String Aggregator rCTE - iTVF:
CREATE FUNCTION dbo.STRING_AGG_rCTE (@colA INT) RETURNS TABLE WITH SCHEMABINDING AS RETURN WITH X AS ( SELECT ColB = CAST(t.ColB AS VARCHAR(8000)), t.RowNumber FROM dbo.tbl AS t WHERE t.ColA = @colA AND t.RowNumber = 1 UNION ALL SELECT x.ColB+','+CAST(t.ColB AS VARCHAR(8000)), t.RowNumber FROM X JOIN dbo.tbl AS t ON x.RowNumber+1 = t.RowNumber WHERE t.ColA = @colA ) SELECT newString = MAX(colB) FROM X;

Solution:
SELECT u.ColA, f.newString FROM ( SELECT t.ColA FROM dbo.tbl AS t GROUP BY t.ColA ) AS u CROSS APPLY dbo.STRING_AGG_rCTE(u.ColA) AS f;

Results:

"I cant stress enough the importance of switching from a sequential files mindset to set-based thinking.
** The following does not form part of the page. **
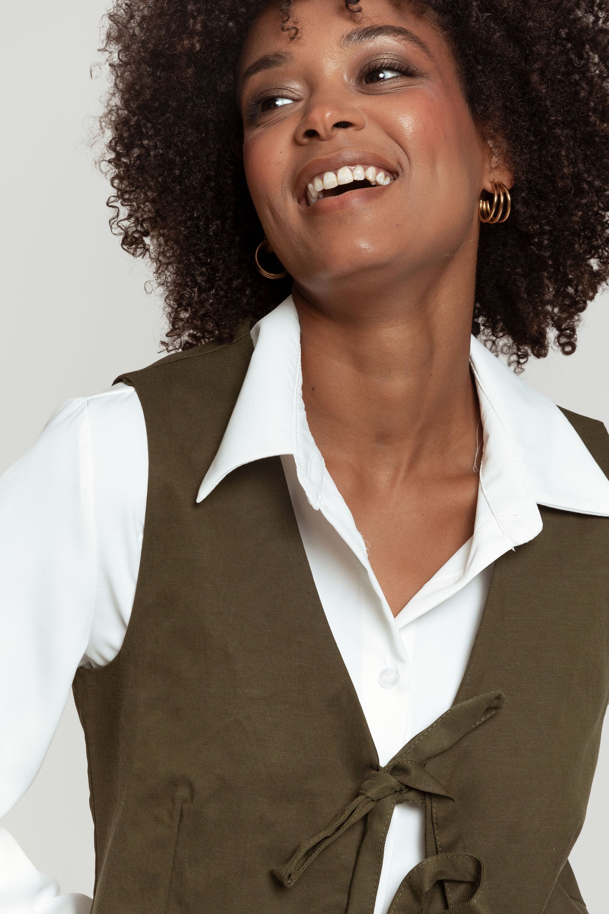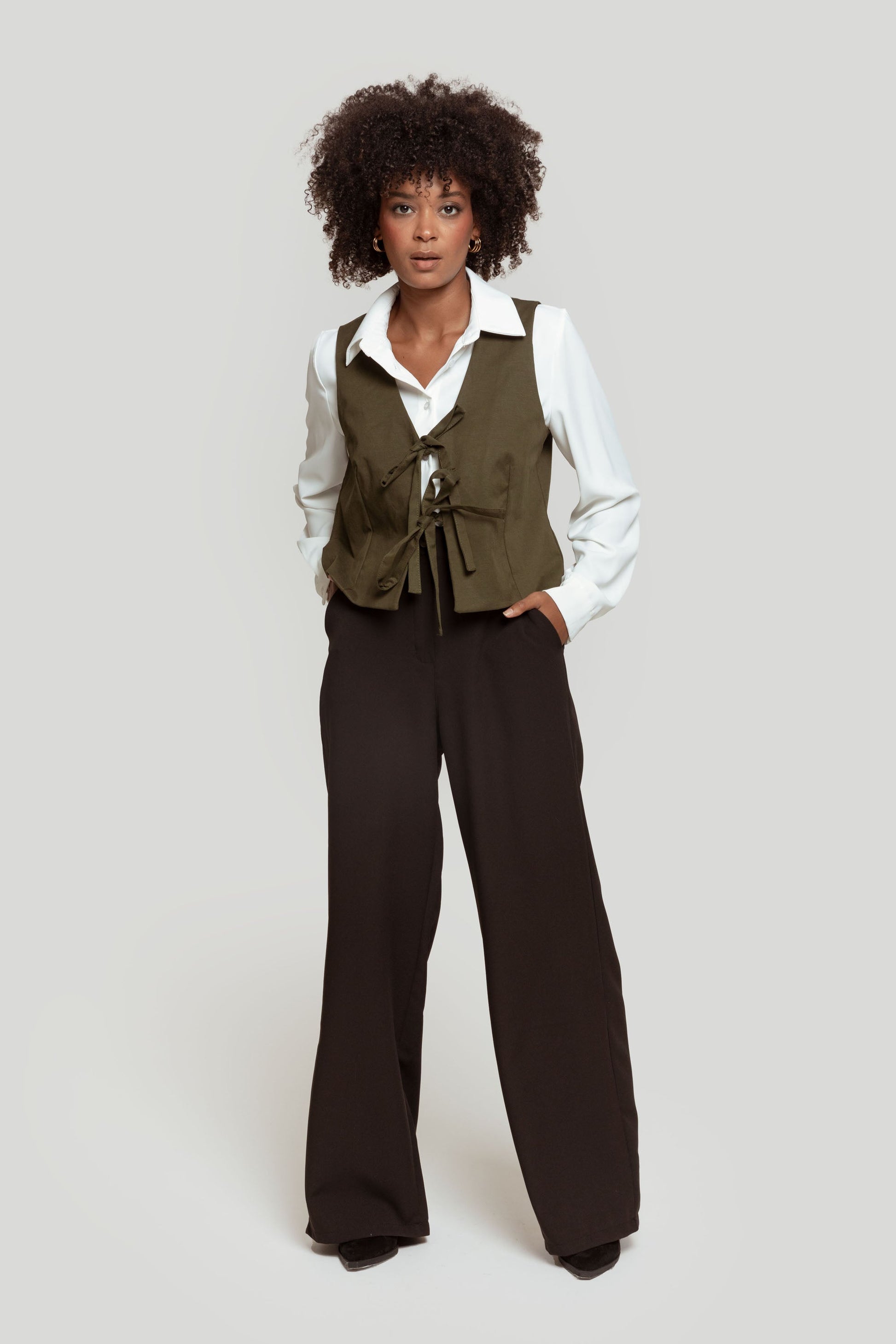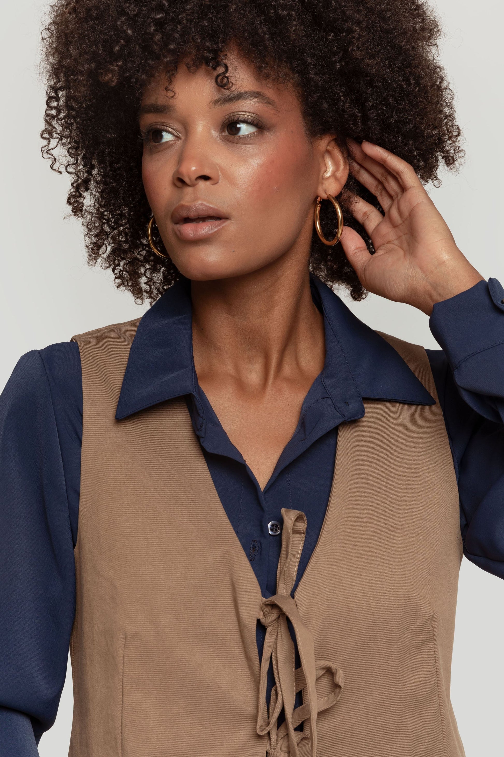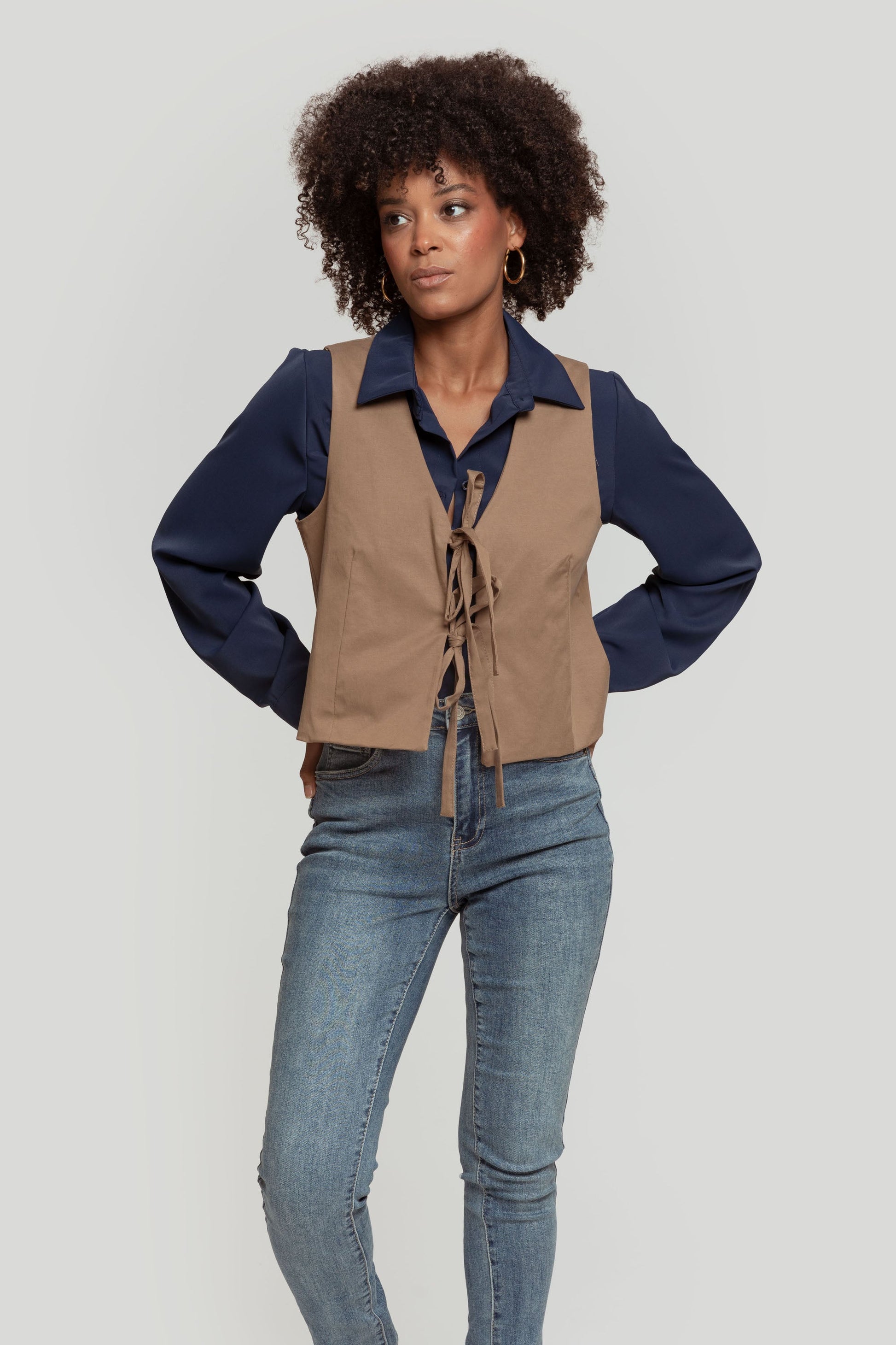 Tejido mezcla tencel y algodón. Diseño recto. Diseño entallado. Diseño corto. Estilo traje. Sin mangas. Cierre de lazos. Forrado. Talla modelo: S. Altura modelo: 1,66 m.

After you make the switch, you can spend your time tuning and optimizing your queries instead of maintaining lengthy, poor-performing code."

-- Itzik Ben-Gan 2001

Lynn Pettis SSC Guru Points: 442470 More actions · Answer 7

Jonathan AC Roberts - Tuesday, October 23, 2018 5:14 PM
etl2016 - Tuesday, October 23, 2018 1:52 PM
many thanks for the replies.
The limitations I have is the DB I am working on (the Parallel Data Warehouse), which does not support XML PATH or Cursor. However, it does support Window functions such as LAG. Is there an alternate way to the XML PATH approach?
thank you
DROP TABLE myTable GO DROP TABLE myResults GO CREATE TABLE myTable(ColA int,ColB char(1),RowNumber int);
INSERT INTO myTable SELECT * FROM (VALUES (100,'X',1),(100,'Y',2),(200,'K',1),(200,'L',2),(200,'M',3)) T(ColA,ColB,RowNumber)
CREATE TABLE myResults(ColA int,ColBs varchar(100))
DECLARE myCursor cursor FOR SELECT DISTINCT ColA FROM myTable DECLARE @ColA int DECLARE @ColBs varchar(100) OPEN myCursor FETCH NEXT FROM myCursor INTO @ColA WHILE @@FETCH_STATUS = 0 BEGIN SET @ColBs='' SELECT @ColBs = @ColBs + ColB + ',' FROM myTable WHERE ColA = @ColA ORDER BY RowNumber SELECT @ColBs=LEFT(@ColBs,LEN(@ColBs)-1) INSERT INTO myResults(ColA, ColBs) VALUES (@ColA, @ColBs) FETCH NEXT FROM myCursor INTO @ColA END CLOSE myCursor DEALLOCATE myCursor
SELECT * FROM myTable SELECT * FROM myResults

And the OP said they couldn't use a cursor.